Sunday, April 06, 2003

Party, boobytrap!

Well, April 6 is my birthday and I'm a palindrome again for the first time in 11 years. In celebration, I encourage you to brush up on your palindromic knowledge.

First a few historical palindromes from Jim Kalb's Palindrome Connection:
"The ancient Greeks often put "Nipson anomemata me monan opsin" on fountains. It translates as "Wash the sin as well as the face." The Romans admired palindromes too, as demonstrated by "In girum imus nocte et consumimur igni" (We enter the circle after dark and are consumed by fire"), which was said to describe the action of moths."

Those crazy Greeks! What did they not invent? Check out Jim's page for links to dozens of other fascinating palindrome links.

I've been interested in word palindromes since I was a kid and one of my math teachers (the wonderful Eugene Lehman) asked us what was interesting about the following statement: That irrational numbers are said to be NEVER ODD OR EVEN.

Proof that I became fascinated in palidromes is an old webpage of mine from high school, where I compiled some of my favourite ones. (NB. This page has not been updated in 6 years. I've been trying to delete the darn thing, but I can't remember the password or username. Damn Geocities!)

I held two palindrome parties in the month leading up to New Years Eve 2002. Guests were invited to dress up as their favourite palindromes. I believe that either Sherwin Tjia or Jayne Kennedy won first prize at the first one, and Anders Yates won first prize at the second one. I can't remember Sherwin's palindrome, nor Jayne's, but Anders brought about six palindromes with him. He wore his Spam t-shirt and pinned maps to his back, brought a miniature racecar that may have been a toyota, and he brought a bottle of painkillers with him that only had one pill in it: lonely Tylenol.

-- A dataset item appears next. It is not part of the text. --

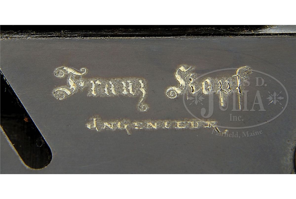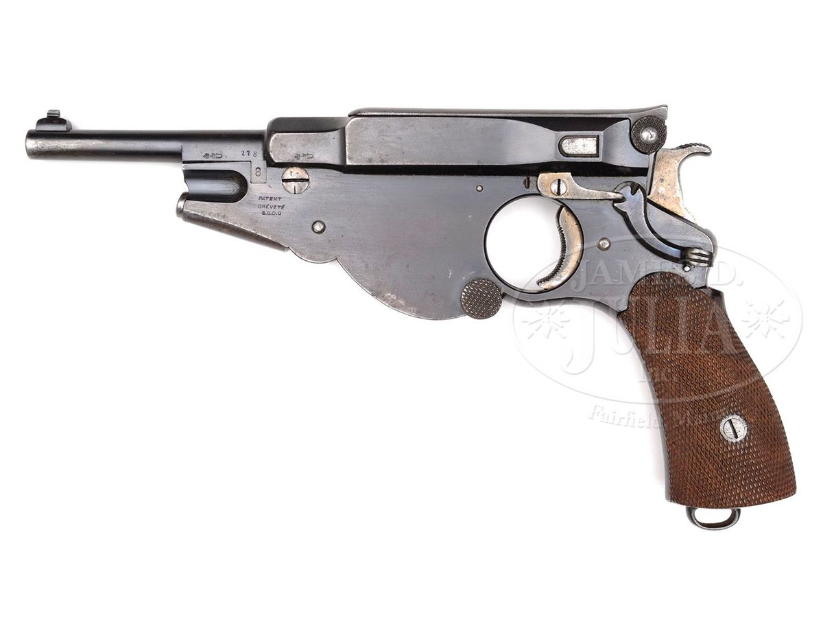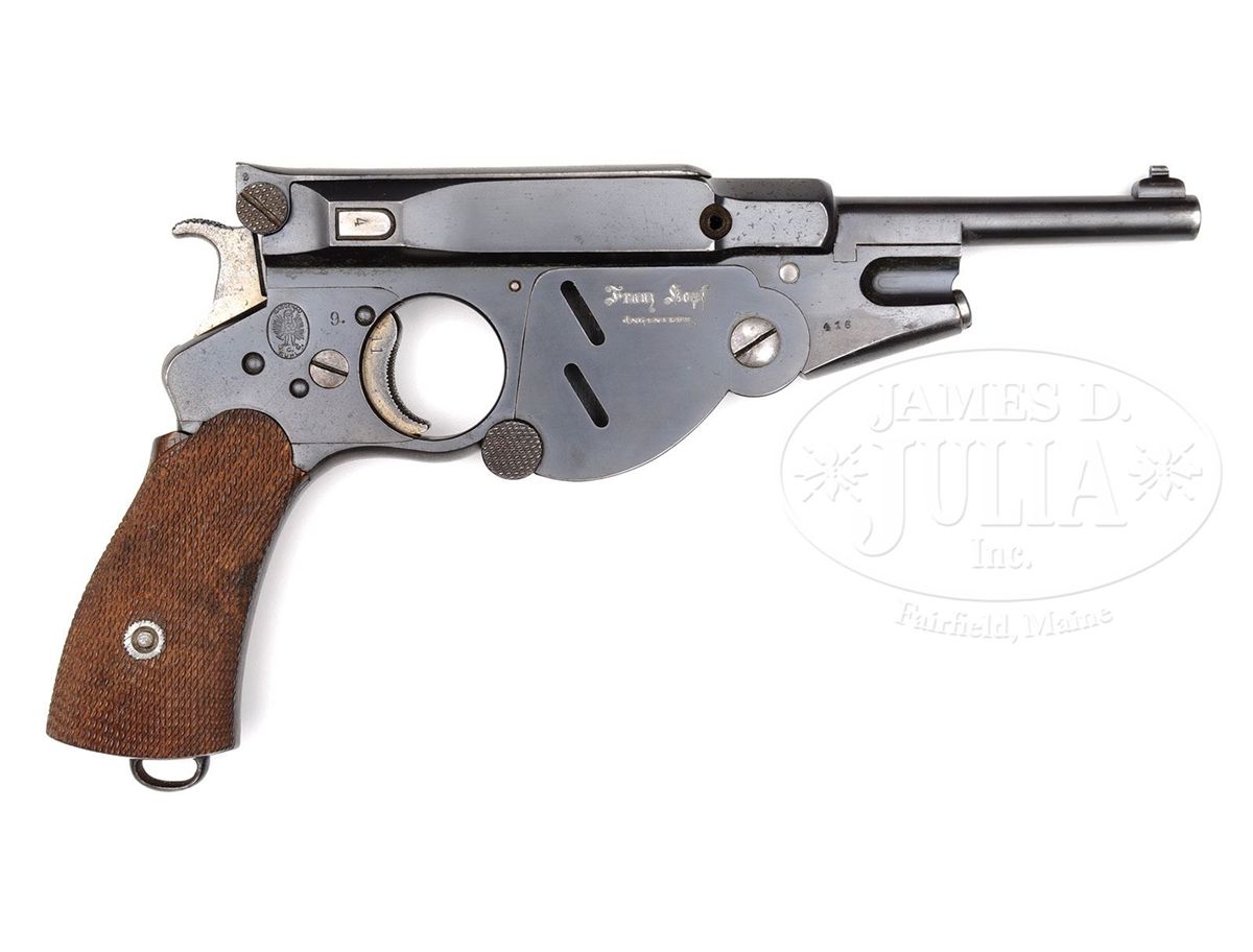 SN 416. This is an early example of a M1896 #3 semiautomatic pistol as produced by the Bergmann company without extractor and a narrow backstrap. Chambered for the 6.5mm Bergmann grooveless, rimless cartridge. Theodor Bergman was an early pioneer in the development of European semiautomatic pistols in the late 1890s and early 1900s. His early models were of distinctive design and had a silhouette that would never be confused with a competitor. All of the Number 2s, 3s, and 4s, had an integral magazine that was loaded by rotating down the magazine sideplate and inserting a strip of cartridges from the side. This particular pistol with an octagonal chamber has a 4.5" bbl, a dovetailed front sight and a fixed rear sight integral to the bolt that is afixed to a sliding cover over the ejection port. The lugged bbl is marked 278 on the left side. Adjacent to this number is a large #8 (corresponds to the takedown sequence) and a Crown U marking that is repeated on the left side of the chamber. The left receiver, with short flutes, is marked "Patent Brevete S.G.D.G.". The serial number 416 appears on the right side of the receiver, just below the flute. In the center of the sideplate is the Bergmann factory logo featuring a miner surmounted by the words "Gaggenau" and over V.C.S. Suhl. In this case, V.C.S. were the initials for V. Charles Schilling, who made the pistols for Bergmann and Suhl, which was the location. The large #9 corresponds to the takedown sequence. This particular pistol was a special order for "Franz Kopf, Ingenieur" whose name and profession are inscribed on the rotatable sideplate. The front face of the trigger is checkered and the gun was fitted with special target-type walnut grips that had a standard checkering pattern and customary escutcheons. PROVENANCE: Joseph J. Schroeder, Jr. Collection. CONDITION: Original finish, estimated at 80%, with more toning than actual wear, particularly on the left side. There is comparable oxidative loss to the straw on the hammer, safety retainer, and the trigger. Similar considerations apply to the fire blue loss on the safety lever. Crisply checkered grips showing minimal handling. Bright bore with sharp rifling and mild corrosion. Mechanically perfect. Very few #3s were made with an octagonal chamber, all clustered around the 400 serial range. To find one of these guns with special order features is an extraordinary discovery. 4-48519 LMA54

2002 was an interesting year to say the least. I wish that I had turned 22 that year, but, alas, my mother was impregnated about five months too late.

Aside from word palindromes, there is the fascinating field of number palindromes. There's a wealth of fun information about them on the web, but I recommend this discussion of Palindromic Primes for advanced palindromers.

So, Happy Birthday to me, if I do say so myself. I hope that my palindrome year goes well... My only wish is that my birthday was not taking place during raw war.